NEWS

Bailout review delay could stretch for months

Bailout review delay could stretch for months

After last week’s roller-coaster ride, which saw an escalation in tensions between the government and international creditors over a unilateral decision by Athens to grant a one-off Christmas supplement to low-income pensioners and Berlin’s snub to Prime Minister Alexis Tsipras’s plea to intervene in the kerfuffle, Greece is now faced with the ominous prospect of further delays – possibly months – in the wrap-up of the second review of its third bailout.

Sources describe such delays in the negotiations as the “worst possible scenario,” which could undermine the economy’s recovery and essentially pull the rug from under the leftist-led government’s narrative, which envisioned a fast completion of the review in order to start talks on longer-term debt relief and gain access to the European Central Bank’s quantitative easing mechanism.
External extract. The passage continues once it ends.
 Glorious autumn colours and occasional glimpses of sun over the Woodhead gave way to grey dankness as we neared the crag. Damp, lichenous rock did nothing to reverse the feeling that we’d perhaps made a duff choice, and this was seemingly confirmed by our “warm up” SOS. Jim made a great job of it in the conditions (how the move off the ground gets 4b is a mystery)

Given the long-drawn-out and acrimonious negotiations for the country’s third bailout in 2015, which brought Greece to the brink of an exit from the eurozone, the urgency of the situation is now weighing heavily on the SYRIZA-led coalition, whose approval ratings have plummeted in recent opinion polls.
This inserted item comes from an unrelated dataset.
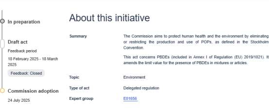 2025年7月24日,歐盟委員會通過了關于PBDEs的POPs修訂草案,該草案擬議對PBDEs(多溴二苯醚)管控限值進行調整,后期歐盟將在其官方公報上正式發布修訂法規。

However, the government’s most immediate priority is to deal with the European Stability Mechanism’s freeze on the package of short-term debt relief measures that was decided by the Eurogroup earlier in the month in response to the Christmas bonus for pensioners, as well as the suspension of value-added tax hikes on the islands of the eastern Aegean.

The longer this issue is not resolved the more credence will be given to speculation the government could seek early elections as a way out of the impasse.

Government officials are now awaiting the outcome of Tuesday’s Euro Working Group to assess the intentions of its eurozone partners regarding the fate of the short-term debt relief measures.

But regardless of this outcome, government sources insist that a bonus will given to pensioners on December 22 as announced.

Meanwhile, the debate over whether the International Monetary Fund will participate in the Greek bailout program has taken a new twist since Donald Trump’s election victory in November as it is not clear what the president-elect’s stance will be with regard to the Washington-based Fund and its involvement with Greece.

According to sources, Athens could possibly welcome a scenario whereby the conclusion of the review will be achieved with a suspension of the IMF’s participation, as was the case in June 2015.

“It’s not the best thing not to have a complete solution, but it would overcome the impasse,” a senior government aide said.